Dass das kein einfaches Unterfangen ist, ist logisch. Ich verstehe das.  Patienten denken anders, haben eine andere Perspektive, fragen nach und sind manchmal unbequem. Oft sind sie unsicher und nicht selten fehlt es an Informationen, die nötig sind, um etwas gut zu verstehen. Daher wäre eine Diskussion die beste Lösung um zueinander zu finden, zu lernen und sich auszutauschen. Mit schlüssigen Erklärungen schafft man Verständnis und Verstehen und damit eine Grundlage für eine gute Diskussion, neue Perspektiven und Denkansätze. Wer etwas versteht, kann umdenken, lässt sich umstimmen oder dazu motivieren, eine neue Position einzunehmen. Und das können Patienten, vielleicht nicht alle, zugegeben, nicht alle wollen das. Aber es gibt sie, diejenigen, die interessiert sind und gerne Teil des Ganzen wären, weil ihnen daran liegt, bestmögliche und gute Lösungen zu bekommen, die für alle passen. Die, die dazu lernen, sich freiwillig zu Kursen anmelden, Vorträge hören und Bildung suchen. Weil Patient oder Patientin zu sein eben mehr ist. Nicht nur krank zu sein. Es heißt auch, am Ball zu bleiben, sich zu interessieren und neue Wege einzuschlagen. Dazu kommt, dass viele sogar in den Berufen arbeiten, sich wirklich mit der Materie "Digitalisierung im Gesundheitswesen" professionell auseinandersetzen. 

Ich finde es wichtig, dass wir alle darüber nachdenken, wie Patienten einbezogen werden. Nur einen davon in ein Gremium zu holen, ist nicht genug. Es wird doch immer betont, dass Patienten so wichtig sind. Sie sind längst Teil des Systems und müssen dennoch oft laut werden, um eine Stimme zu bekommen. 

Patienten leben täglich mit einer Erkrankung und deren Auswirkungen auf ihr Leben. Und damit haben sie  immer häufiger mit digitalen Gesundheitslösungen zu tun, die ebenso Einfluss auf sie und ihren Alltag nehmen. 

Sie müssen involviert werden. Egal ob Mitglied einer Patientenorganisation oder unabhängig.  Sie müssen zum Teilnehmer an der Diskussion und der Lösung werden. 

 Es ist ein wertschätzendes Miteinander nötig, Verständnis für die unterschiedlichen Perspektiven. 

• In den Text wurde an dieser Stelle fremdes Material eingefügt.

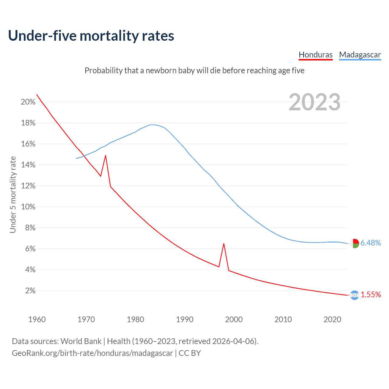 The chance that a newborn baby will die before reaching age five is 1.55% in Honduras and 6.48% in Madagascar. Above is a chart with historical data on under-five mortality rates.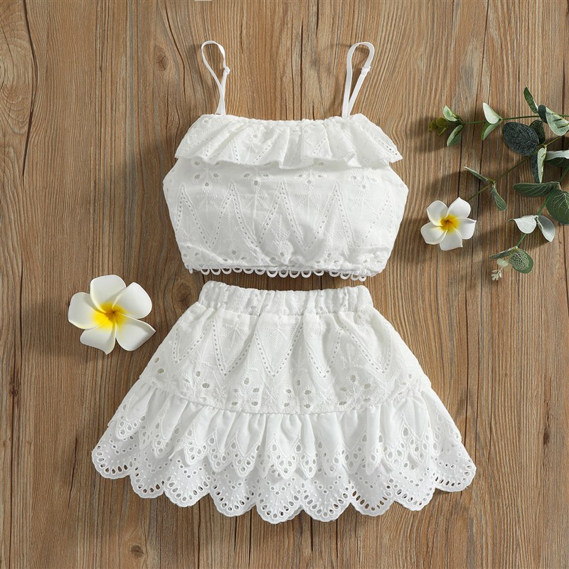 速發2pcs Kid Baby Girls Summer Clothes Set Sleeveless Lace H

Damit digitale Gesundheit ein Thema nicht nur für Experten und Initiativen wird, sondern lebensnah, praktisch, einfach anzuwenden und gut verständlich bleibt. Das würde Zweifler vielleicht überzeugen, Kritiker zu Ideengebern machen, Vorurteile abbauen und eine wertschätzende Diskussion aller fördern. Denn die brauchen wir. Damit digitale Gesundheitslösungen und digitale Gesundheit ins Leben passt.